The job market is still fairly tight and employment creation sufficient to keep consumers afloat. Until recently, stock market gains have helped to shore up consumer confidence, even as rising petrol prices have acted as a negative factor. Meanwhile, the housing market is still in the doldrums, with no rapid turnaround in sight.

Construction has been a weak sector and, as a consequence, many analysts were expecting a rise in unemployment. They have been scrutinising data for a rise in claims that has, unfortunately, failed to materialise. The mystery can be explained by the fact that a good part of the labour-force in the construction industry is composed of illegal immigrants.

The migrant workers were never counted as being part of the labour-force in the first place, and they certainly don't show up in the claims figures because they are ineligible for benefits. So employment in the construction industry has indeed shrunk but is not captured in the official statistics. This is another example of why it is necessary to interpret data with care rather than to take it at face value.

The American consumer is still showing greater resilience than expected. There is a saying that it is not a good idea to bet against this committed spender, and in recent years this has generally been the case. Time and again, US consumers have surprised forecasters by their tendency to spend more than expected.

A fundamental reason for this phenomenon is to be found in the relative stability of the macroeconomic environment in recent years. Households have not experienced volatile income and inflation. Naturally, they expect this to continue into the future and consider negative developments, in the present, to be temporary. Without Asian willingness to finance American consumption habits, the mild recession in 2001 would have been more severe, leaving a nasty memory and making consumers more cautious in their spending / saving behaviour.

At the G8 summit in Germany, it appears that a temporary truce was declared between America and Russia in their squabble over the Bush administration's desire to install a missile defence system in some Eastern European countries that were once members of the Soviet bloc. Putin cooled mounting tensions by his clever suggestion of locating the installation in Azerbaijan. The yanks were caught by surprise and could only respond that the suggestion needed further studying.

Putin has been reconstructing state power and centralising authority over a number of years. Those in Russia who have disagreed with him and stood in the way have been neutralised. He is not necessarily out to get the robber-barons, who built their fortune in the Yeltsin era, if they cooperate with him. Those who chose to oppose are either in jail or in exile.

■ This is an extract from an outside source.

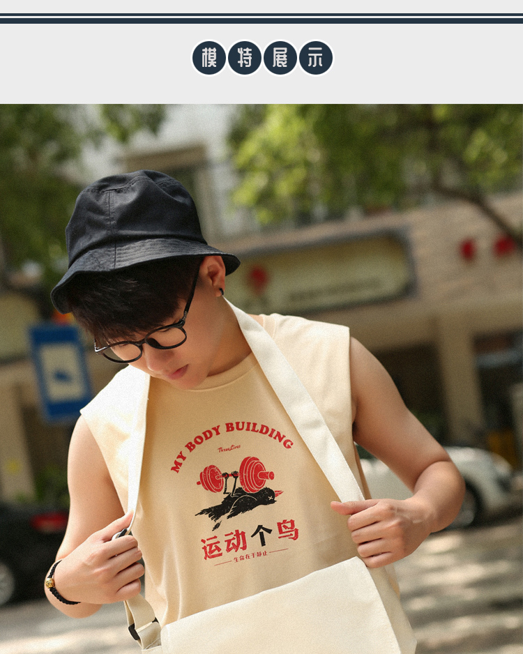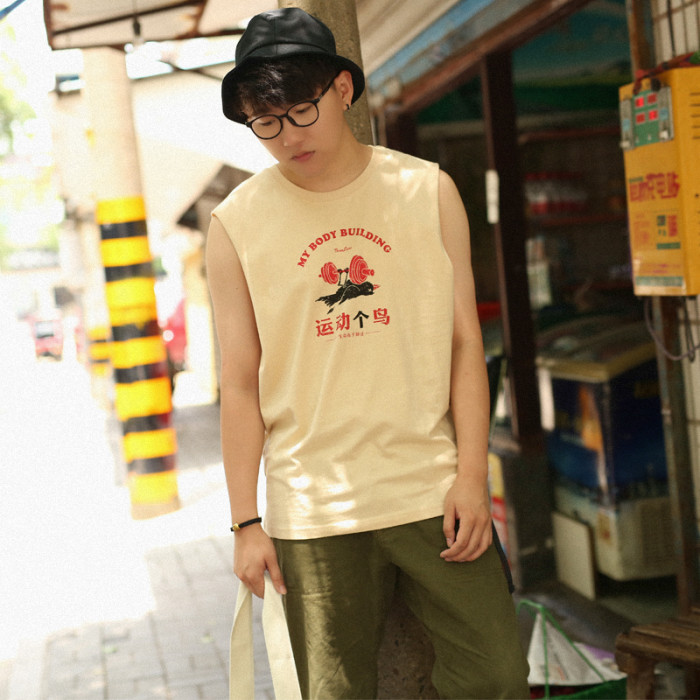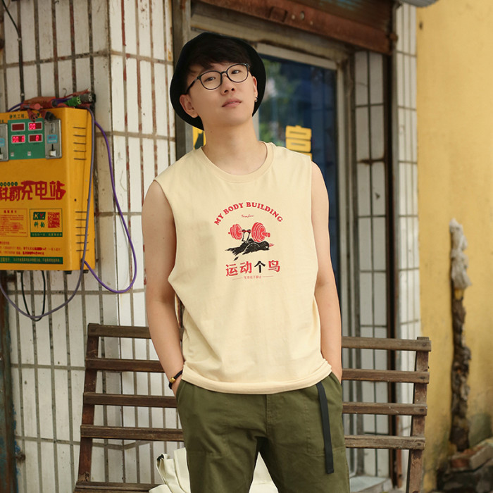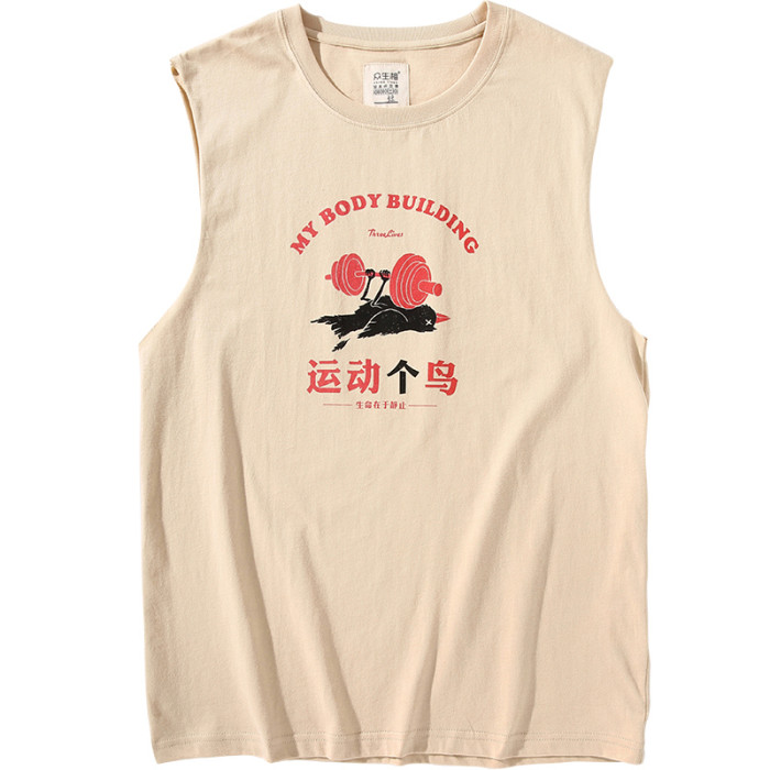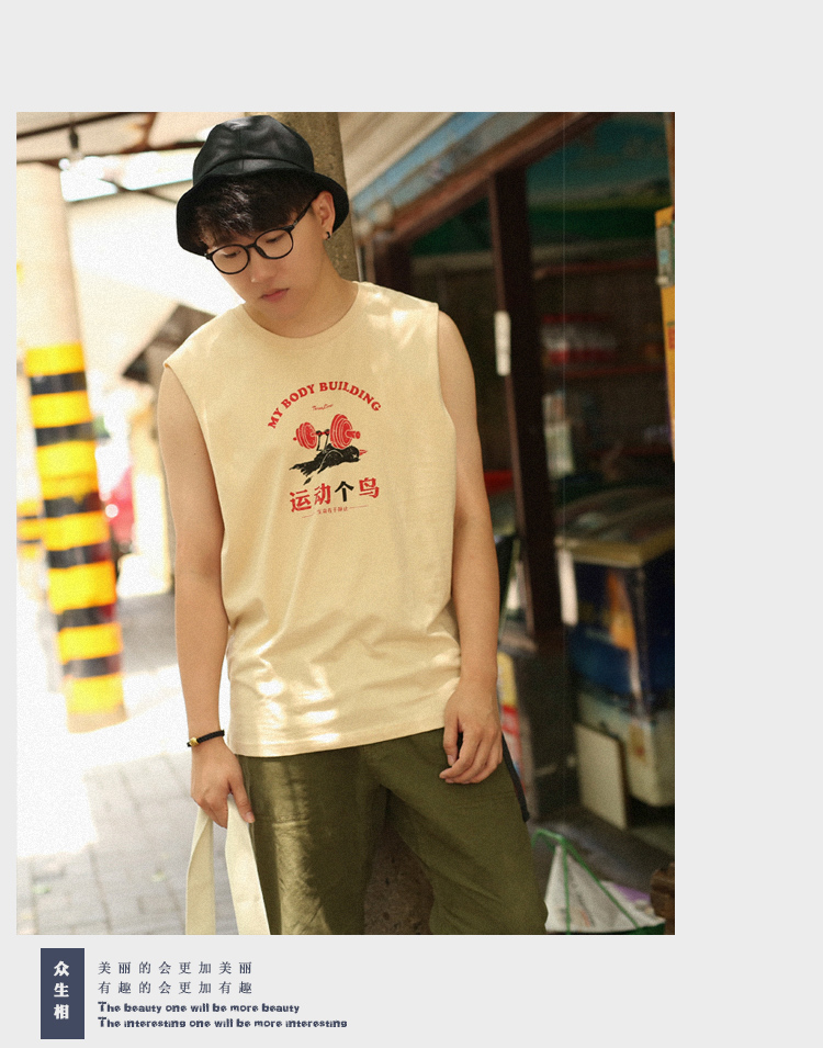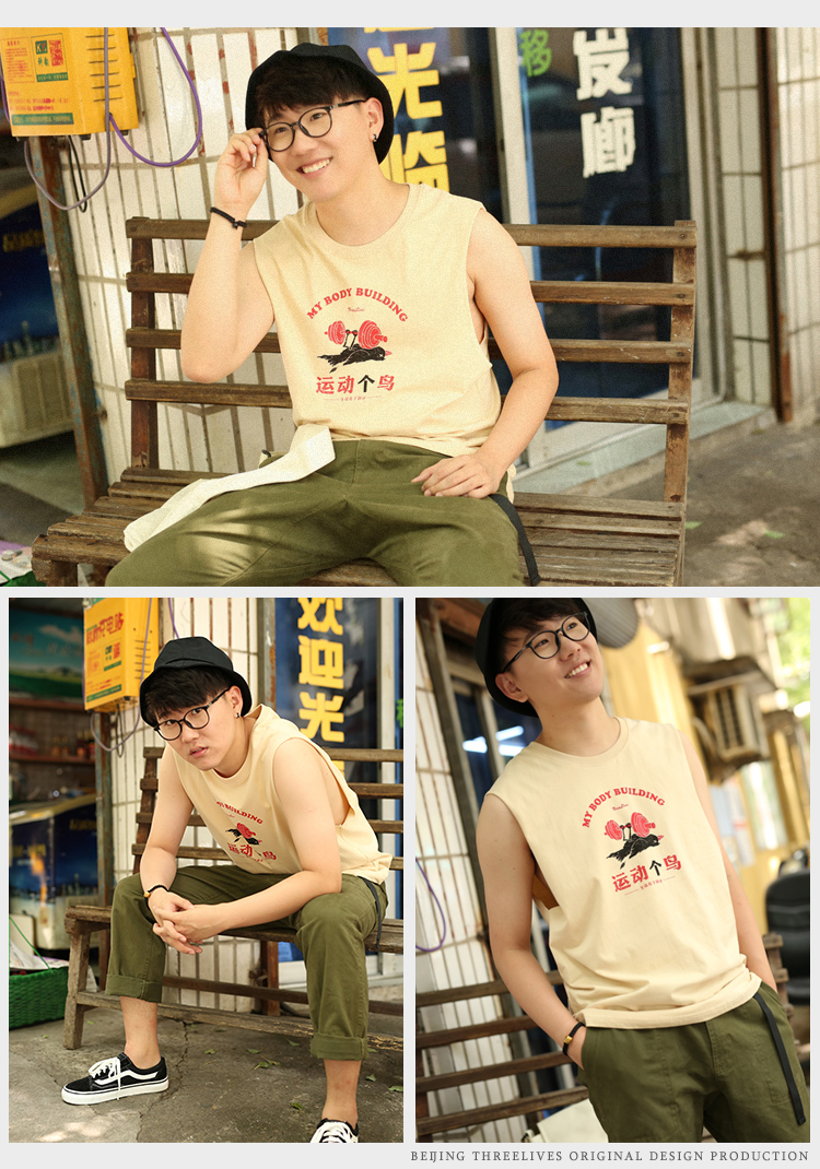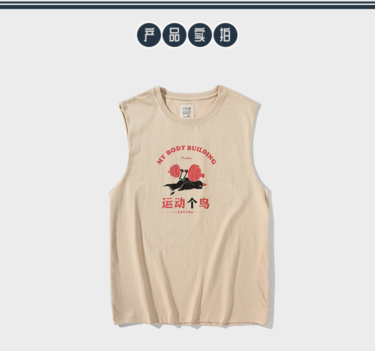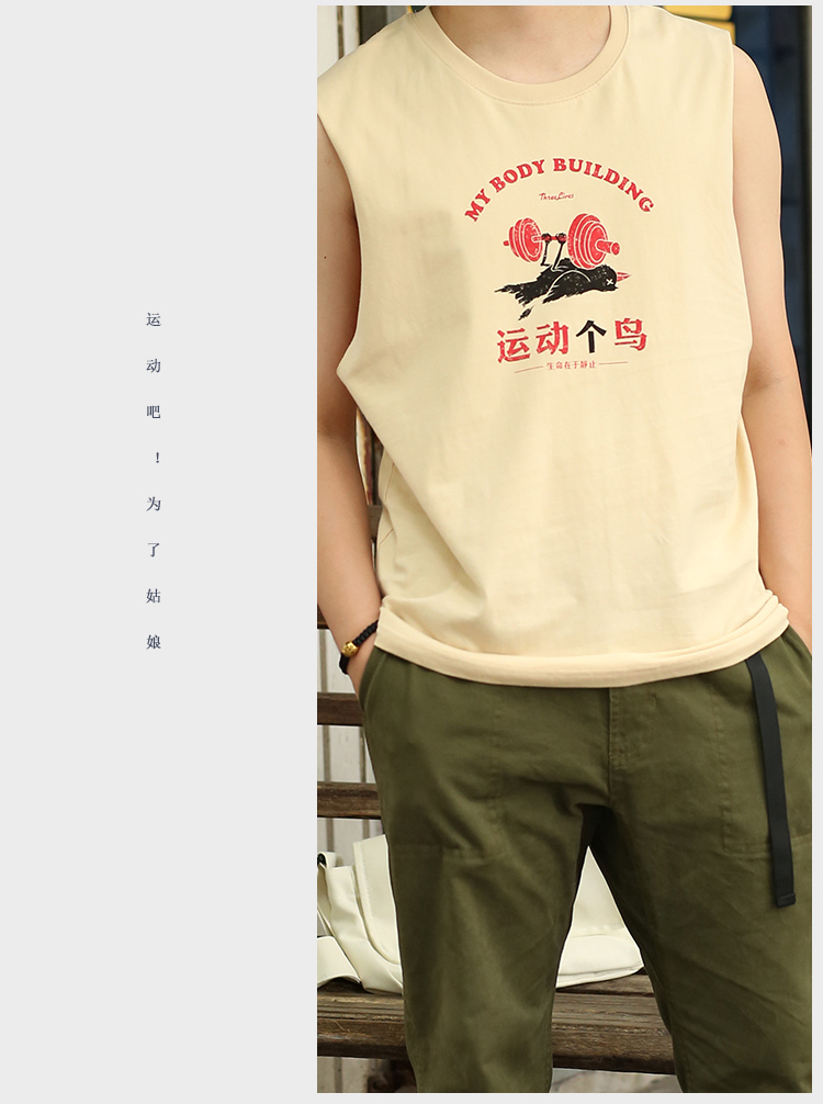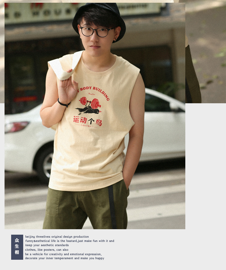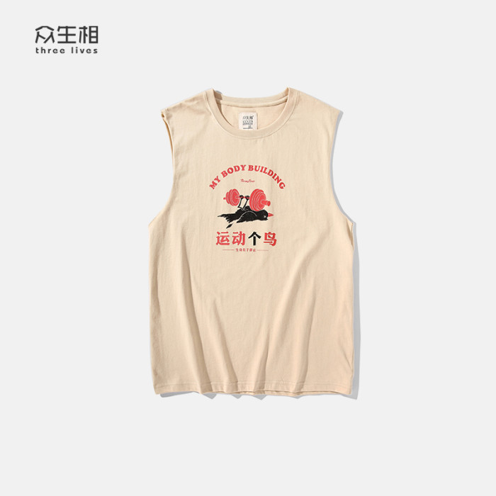 衆生相健身運動無肩坎肩男 運動個鳥 純棉背心男潮牌夏季無袖T恤

Russia does not have a strong democratic tradition. For most of its history, it has been ruled by autocrats. Among the notable ones, there was Peter the Great and Catherine the Great, who were so called because they were strong-willed and got things done. Anyway, that's the entry in the school history books. Ivan was also a doer but didn't have a good publicist and ended up being called Ivan the Terrible.

As for Vladimir Putin, according to the polls, he is popular in Russia. He is identified with stability at home and greater prestige abroad. It was inevitable that after putting order back in the house he would start flexing muscles on the world scene. A helpful factor is that the sharp rise in energy prices over the past few years has revived the Russian economy.

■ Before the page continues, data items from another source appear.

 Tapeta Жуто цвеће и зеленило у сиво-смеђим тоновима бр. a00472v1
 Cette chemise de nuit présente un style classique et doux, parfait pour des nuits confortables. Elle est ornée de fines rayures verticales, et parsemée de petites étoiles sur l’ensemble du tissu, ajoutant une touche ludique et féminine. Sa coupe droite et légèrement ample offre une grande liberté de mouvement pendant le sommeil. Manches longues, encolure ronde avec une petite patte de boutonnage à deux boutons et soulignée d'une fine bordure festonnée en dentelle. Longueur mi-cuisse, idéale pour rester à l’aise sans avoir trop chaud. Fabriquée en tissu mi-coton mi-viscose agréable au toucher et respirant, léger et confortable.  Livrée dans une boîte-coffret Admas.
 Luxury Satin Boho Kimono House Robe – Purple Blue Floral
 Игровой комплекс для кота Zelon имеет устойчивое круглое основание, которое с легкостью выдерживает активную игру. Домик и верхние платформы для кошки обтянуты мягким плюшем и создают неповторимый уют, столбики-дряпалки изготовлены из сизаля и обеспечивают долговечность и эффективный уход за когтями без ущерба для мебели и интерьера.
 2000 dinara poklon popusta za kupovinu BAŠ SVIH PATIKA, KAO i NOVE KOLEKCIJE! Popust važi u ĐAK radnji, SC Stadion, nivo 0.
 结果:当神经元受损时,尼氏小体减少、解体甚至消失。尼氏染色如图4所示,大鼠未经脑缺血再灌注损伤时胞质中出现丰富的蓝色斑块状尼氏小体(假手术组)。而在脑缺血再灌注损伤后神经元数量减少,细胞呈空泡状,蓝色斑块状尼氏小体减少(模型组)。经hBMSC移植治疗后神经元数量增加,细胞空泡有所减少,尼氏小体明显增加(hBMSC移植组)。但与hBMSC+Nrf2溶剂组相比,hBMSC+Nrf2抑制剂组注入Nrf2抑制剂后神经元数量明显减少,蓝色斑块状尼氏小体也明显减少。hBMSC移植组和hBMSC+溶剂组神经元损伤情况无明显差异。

In a speech delivered at an international security conference in February he set out his vision of the international order and Russia's place in it. Basically, he was calling for a multi-polar world and an end to American hegemony. It was a frank speech that alarmed the audience of Europeans and Americans because it was direct and shorn of diplomatic fluff.

The likelihood is that Russia will continue to be assertive in furthering its interests in the global arena, and this will cause frictions with the United States and even Europe. However, recent talk in the media about the commencement of a new Cold War is exaggerated. The world is more intertwined economically and politically than ever before, which necessitates a degree of cooperation among rivals. At the same time, the transition from US hegemony to a multi-polar world is unlikely to be entirely smooth.